◆ **TASK STATEMENT**
What you give back from the listing below should be an exact copy of the lines from the one with "The house offers" down to the one with "Old couple fuck son's teenie gf", and it should contain no pictures.

◆ **RECORDS**
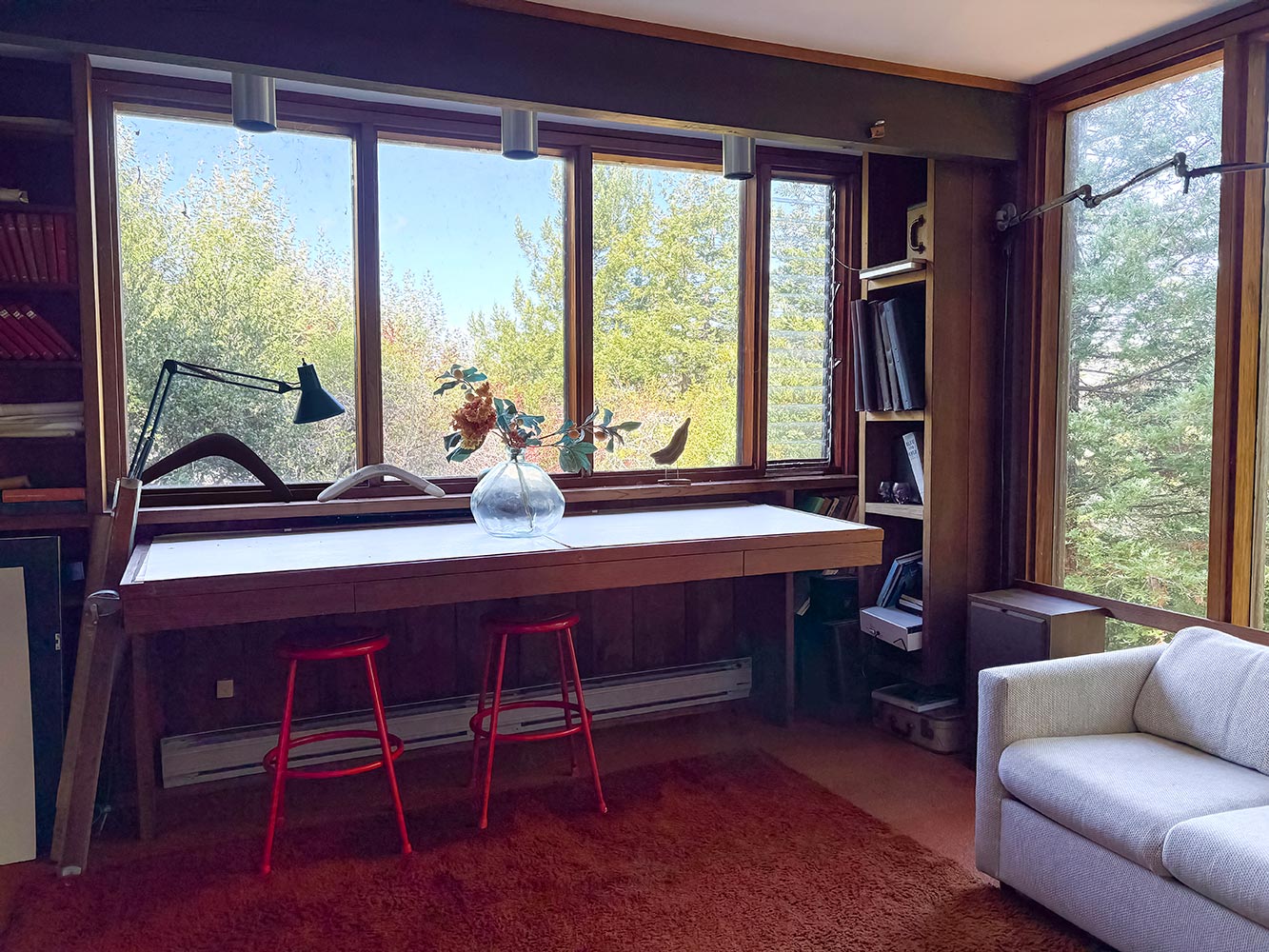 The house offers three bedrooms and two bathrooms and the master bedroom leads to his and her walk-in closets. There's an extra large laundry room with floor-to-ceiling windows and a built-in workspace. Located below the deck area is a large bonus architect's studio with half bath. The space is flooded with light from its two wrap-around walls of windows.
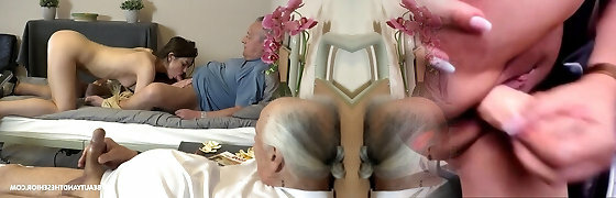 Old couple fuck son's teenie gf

* * *

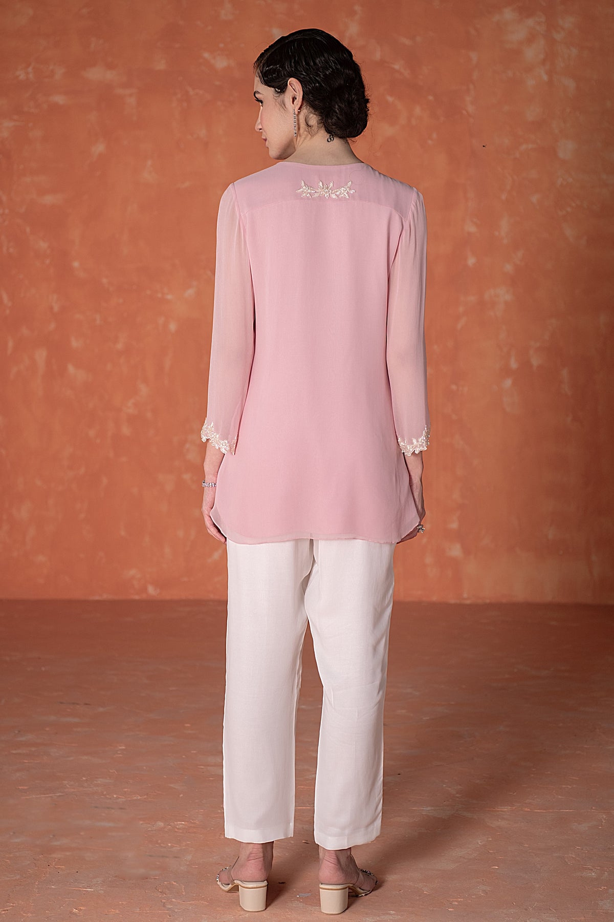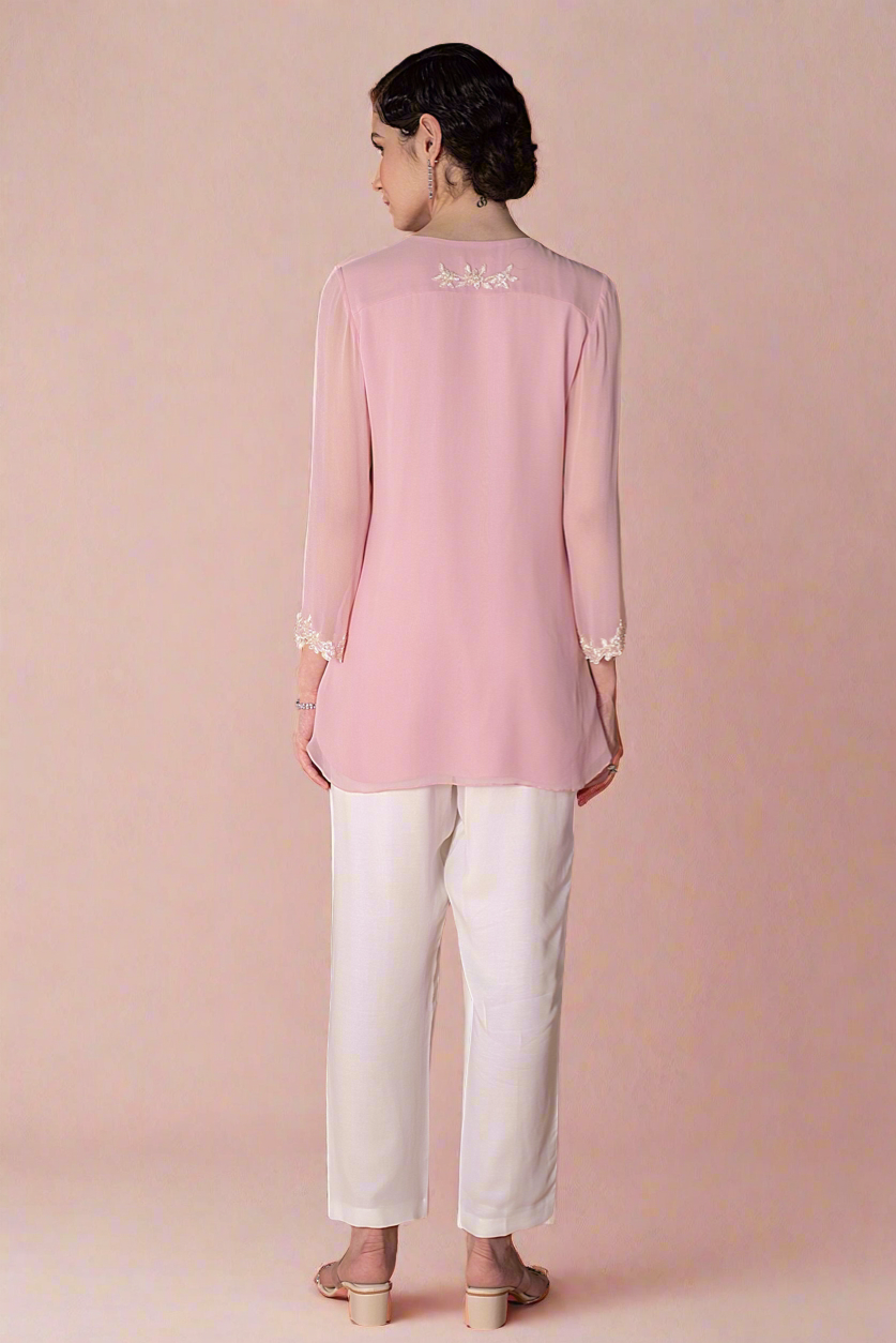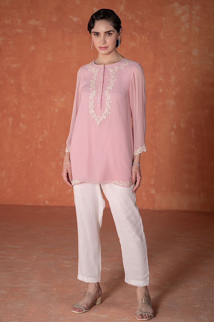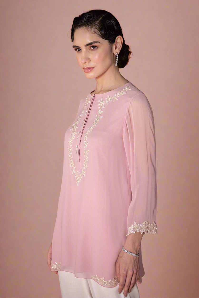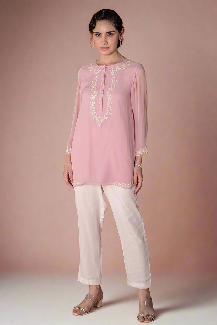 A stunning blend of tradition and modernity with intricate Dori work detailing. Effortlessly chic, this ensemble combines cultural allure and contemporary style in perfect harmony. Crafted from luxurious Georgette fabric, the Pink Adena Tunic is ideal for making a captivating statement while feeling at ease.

◆ **RESULT FOR THIS EXERCISE**
 The house offers three bedrooms and two bathrooms and the master bedroom leads to his and her walk-in closets. There's an extra large laundry room with floor-to-ceiling windows and a built-in workspace. Located below the deck area is a large bonus architect's studio with half bath. The space is flooded with light from its two wrap-around walls of windows.
 Old couple fuck son's teenie gf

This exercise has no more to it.